**Task to carry out:** Take the line with "지구상에서 관측자의 위도에" as the first and the last line of the data as the end. Write out both and every line between exactly, except pictures.

[Opening Stored data section]

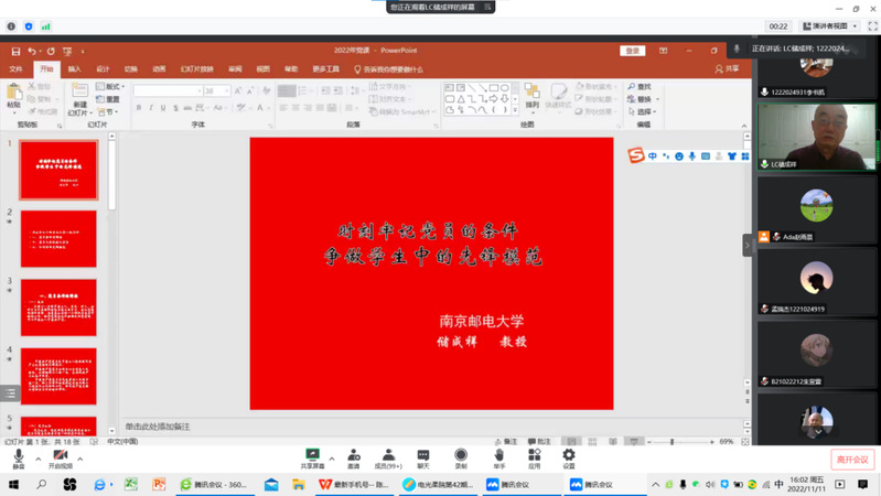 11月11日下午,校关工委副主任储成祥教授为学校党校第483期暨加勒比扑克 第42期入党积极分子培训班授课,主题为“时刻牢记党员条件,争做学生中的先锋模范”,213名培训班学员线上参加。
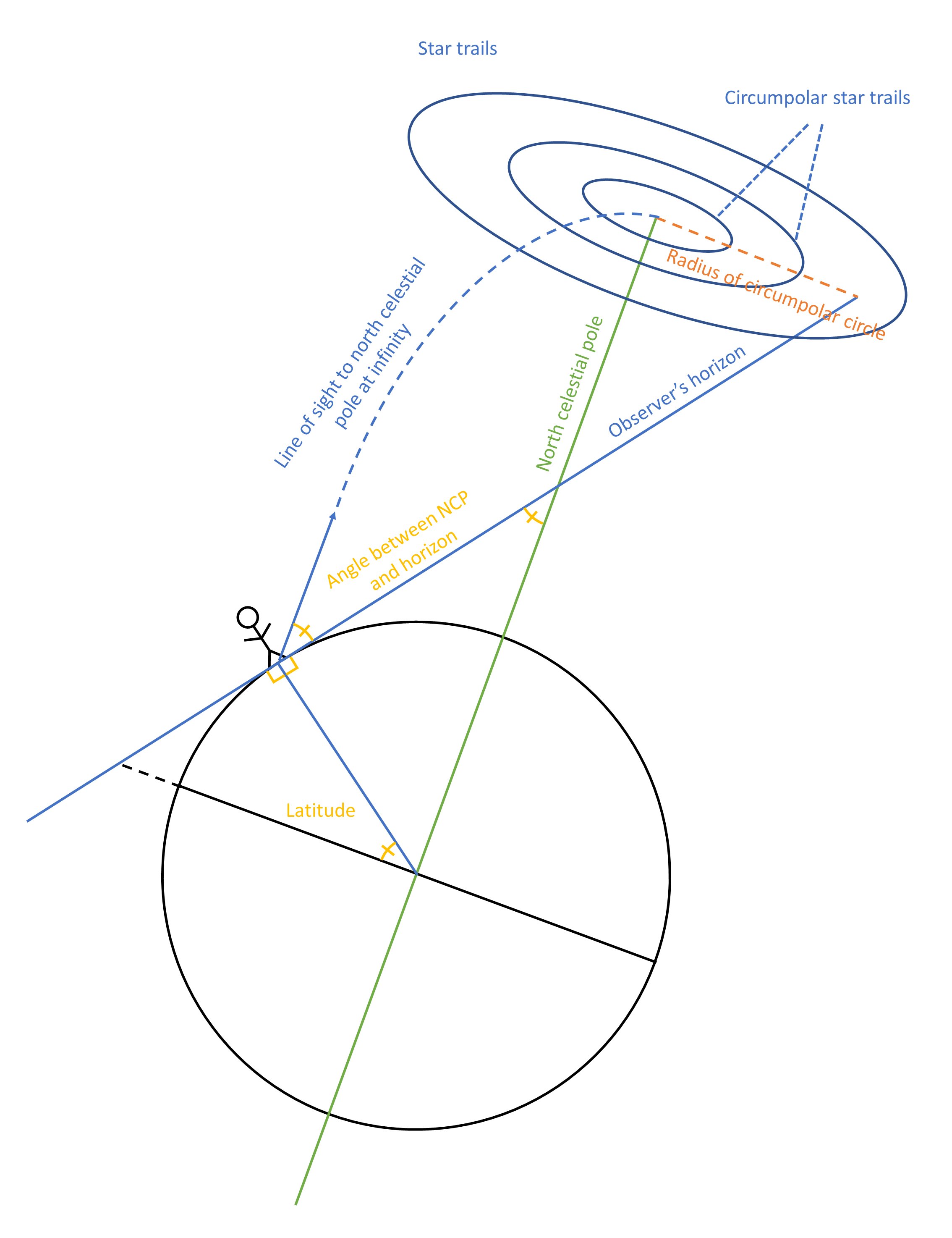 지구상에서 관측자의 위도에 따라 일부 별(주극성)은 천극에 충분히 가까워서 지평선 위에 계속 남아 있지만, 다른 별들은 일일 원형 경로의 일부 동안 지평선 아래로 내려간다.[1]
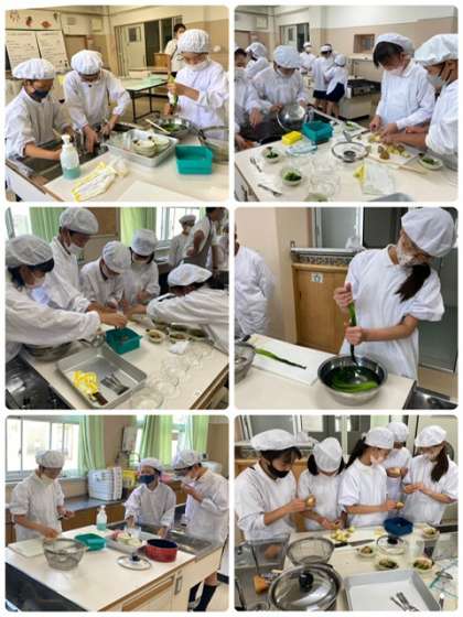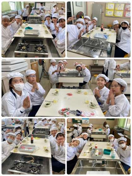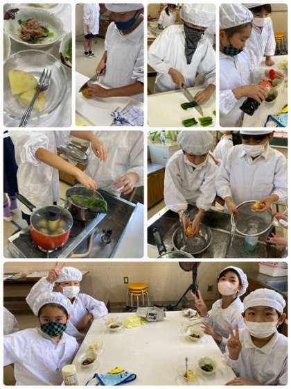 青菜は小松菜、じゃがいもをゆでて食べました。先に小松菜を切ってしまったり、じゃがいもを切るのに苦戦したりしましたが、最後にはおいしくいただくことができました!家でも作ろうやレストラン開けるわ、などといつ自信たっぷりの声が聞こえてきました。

[Closing Stored data section]

**Answer box:**
 지구상에서 관측자의 위도에 따라 일부 별(주극성)은 천극에 충분히 가까워서 지평선 위에 계속 남아 있지만, 다른 별들은 일일 원형 경로의 일부 동안 지평선 아래로 내려간다.[1]
 青菜は小松菜、じゃがいもをゆでて食べました。先に小松菜を切ってしまったり、じゃがいもを切るのに苦戦したりしましたが、最後にはおいしくいただくことができました!家でも作ろうやレストラン開けるわ、などといつ自信たっぷりの声が聞こえてきました。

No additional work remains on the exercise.